First, the distinction between "Type 1" and "Type 2" hypervisors is rather blurred these days. It's certainly a bit different than the original 1973 definition. After all, many of the hypervisors commonly referred to as "Type 1" are not actually bare metal hypervisors, but rely on a host OS to some extent.
These days many people say "Type 1" when they mean "server" and "Type 2" when they mean "workstation." These are not the original definitions, so paying attention to this artificial distinction will be quite confusing.
It's more useful to determine whether the hypervisor can accomplish what you want to do.
With that out of the way:
All of the popular hypervisors provide reasonable near-native performance once guest tools/paravirtualized drivers are installed. The main exception to this is 3D graphics, which will typically run poorly compared to native performance even with drivers.
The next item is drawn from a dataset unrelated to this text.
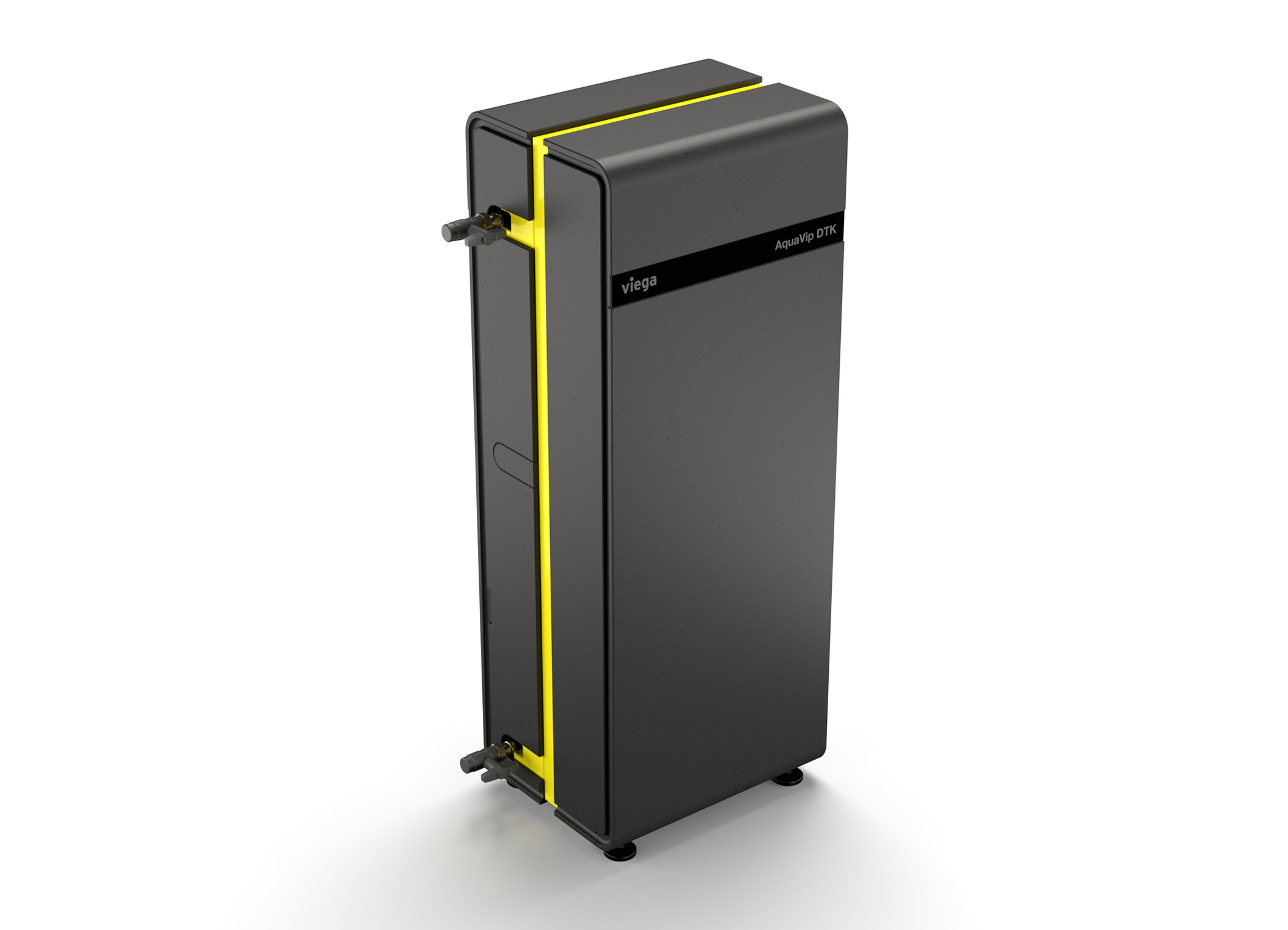 Mit dem Trinkwasser-Management-System Aqua Vip Solutions betrachtet Viega sowohl diese vier Einflussfaktoren als auch die zwischen ihnen bestehenden Wechselbeziehungen ganzheitlich, vom Hausanschluss bis zur letzten Zapfstelle. Über einen neu konstruierten Durchfluss-Trinkwassererwärmer (DTE) wird beispielsweise die Menge des vorzuhaltenden Trinkwassers warm reduziert. Elektronisch gesteuerte „Easytop“-Regulierventile sorgen wiederum für eine hygienegerechte Temperaturhaltung in der Trinkwasserverteilung. Automatisch auslösende Spülstationen, Spülkästen und Auslaufarmaturen sichern den bestimmungsgemäßen Betrieb der Trinkwasseranlage ab. Kommt es in den Trinkwasser kalt führenden Rohrleitungen zu einem hygienekritischen Temperaturanstieg, wird zudem auch dieser Volumenstrom entsprechend behandelt, und zwar indem er über einen ebenfalls neu entwickelten Durchfluss-Trinkwasserkühler (DTK) geführt wird.

While it's possible (with a processor that supports VT-d) to reserve a host video card for the exclusive use of a virtual machine, this is not well supported in many hypervisors as they concentrated their development of this feature on giving VMs raw access to network cards.
If you're a gamer, you should consider running a desktop virtualization solution such as VMware Workstation or VirtualBox so that you can game on the host OS and have the highest possible performance from your games.
If you want to share data between your guest OSes, you can either create a VM specifically for this purpose, or use features of the various virtualization solutions to provide access to folders on the host's hard drive (e.g. VirtualBox and VMware Workstation provide "shared folders" which maps a directory on the host hard drive to a virtual hard drive or virtual network share in the guest).